The Three Horseshoes
Wycombe Road
Marlow
Bucks
SL7 3RA

This is a lovely pub just 1 mile from J4 on the M40, so very easy to get to. Marlow is right in the corner where Bucks, Berks and Oxon meet, so everyone is welcome. If you've never been to a meet before, this is your chance to find some new friends. We promise not to talk about cars all night! [smiley=gossip.gif]

The food is delicious, the portions are large, and the beer is brewed ½ mile down the road. [smiley=cheers.gif]

So who's coming along....

phodge & Mr phodge
Korry
R6B TT
TT02OOT & Mrs TT02OOT
NaughTTy, Mrs NaughTTy, Miss NaughTTy and poss Miss NaughTTy's friend.
K4HHH
MikeeB


----------



## R6B TT (Feb 25, 2003)

I'll try and get along for this Penny


----------



## phodge (Sep 1, 2002)

Nice one Rob!


----------



## TT02OOT (Jan 2, 2009)

We'll be there, Paul & Nic.


----------



## phodge (Sep 1, 2002)

Great news Paul!


----------



## NaughTTy (Jul 9, 2003)

Probably


----------



## phodge (Sep 1, 2002)

I hope so! Bringing Mrs & Miss NaughTTy?


----------



## K4HHH (Jun 30, 2013)

phodge said:


> *Wednesday 7th August, 7:30 PM*
> 
> The Three Horseshoes
> Wycombe Road
> ...


Hi new to this and hope to attend skills not good on forum sorry but hope to attend in my 1st TT MK1 240 Sport loving it replaced my GTI Edition 30 
Fingers crossed to meeting you all
H


----------



## phodge (Sep 1, 2002)

Hi K4HHH - hope you can make it, it will be great to meet you! Glad you are enjoying your qS!!


----------



## phodge (Sep 1, 2002)

Anyone else want to join us next week? 

If the weather is good, we can even sit in the garden! [smiley=sunny.gif]


----------



## MikeeB (Nov 14, 2009)

Hi penny

I last joined you in February, but am feeling brave once more and hope to see you again this Wednesday.

Cheers
Michael


----------



## phodge (Sep 1, 2002)

Will be great to see you again, Michael!


----------



## Phil_RS (Mar 2, 2010)

Wanted to get to this but work means its looking unlikely. Will try again for next month! Have a good evening.


----------



## phodge (Sep 1, 2002)

Thanks Phil. Hope work doesn't keep you too late.
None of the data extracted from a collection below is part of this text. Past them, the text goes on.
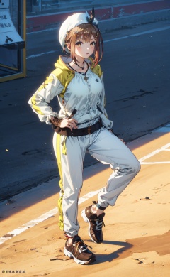 <lora:Ryza-000002:0.8>,Ryza CYQL,1girl,looking at viewer,solo,brown hair,short hair,hair ornament,hairclip,white headwear,hat,brown eyes,jewelry,necklace,star necklace,((Athleisure_tracksuit:1.5),(Sneakers_with_colorful_soles:1.4),(Baseball_cap:1.3),(Urban_market_background:1.4):1.3),(cowboy_shot,from_above,spread legs:1.2),hand on hip,Yoga class in city park, Exercise, Relaxation, Wellness, Community,Night-blooming lilies,beautiful detailed sky,beautiful detailed glow,(English text:1.3),(border:1.5),posing in front of a colorful and dynamic background,(masterpiece, best quality, beautiful and aesthetic:1.3),contrapposto,female focus,fine fabric emphasis,wallpaper,fashion,Lipstick,depth of field,intricate_detail,finely_detailed,fine_fabric_emphasis,(glossy),<lora:增强减少细节add_detail:0.4>,
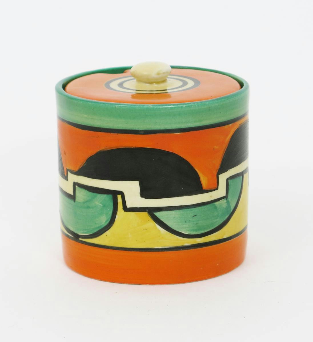 'Castellated Circle' a Clarice Cliff Fantasque Bizarre Cylindrical preserve pot and cover
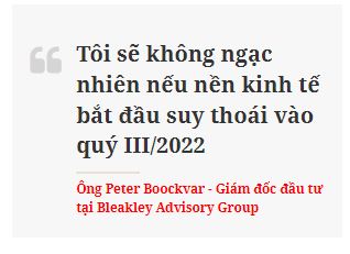 Một số chuyên gia cho rằng một cuộc suy thoái sẽ đến sớm hơn. "Tôi không ngạc nhiên nếu nền kinh tế bắt đầu suy thoái vào quý III/2022", ông Peter Boockvar - Giám đốc đầu tư tại Bleakley Advisory Group - nhận định.
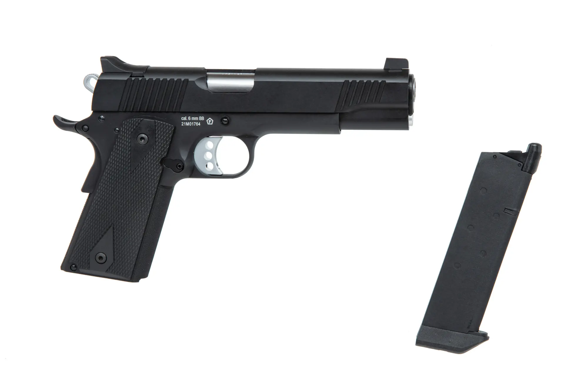 Replika zaopatrzona jest w dwustronny bezpiecznik skrzydełkowy, blokujący mechanizm zamka i uniemożliwiający oddanie przypadkowego strzału. Dostęp do bezpiecznika jest bardzo prosty zarówno dla osób lewo, jak i praworęcznych – dźwignia mechanizmu znajduje się w zasięgu kciuka. W modelu tym zastosowano również funkcjonalny tylny bezpiecznik dociskowy. Wymusza on prawidłowy chwyt w celu oddania strzału, podobnie jak w palnym oryginale.
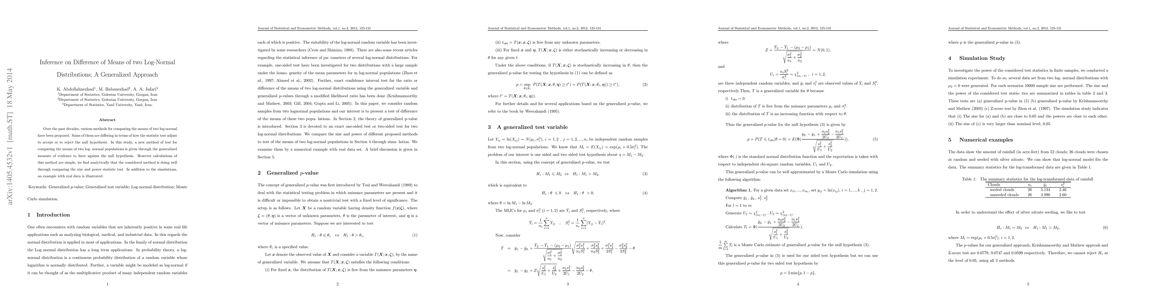 A new method for comparing the means of two log-normal distributions is proposed, offering a simple yet powerful approach with good size and power statistics.

We'll manage to get together one month I'm sure! :lol:


----------



## K4HHH (Jun 30, 2013)

phodge said:


> Hi K4HHH - hope you can make it, it will be great to meet you! Glad you are enjoying your qS!!


Ok I 'm in will be there bit late as working in town and hope to be there approx 8.15 wait for me 
Best H


----------



## phodge (Sep 1, 2002)

Excellent news! See you tomorrow.


----------



## NaughTTy (Jul 9, 2003)

Many thanks for last night Penny - was a great evening.

Nice to see another new face and the return of a recent one


----------



## phodge (Sep 1, 2002)

Thanks Paul, it was great to see all your mob too! 

H - it was great to meet you. Hope we'll see you again soon. 

Michael - don't leave it so long next time!


----------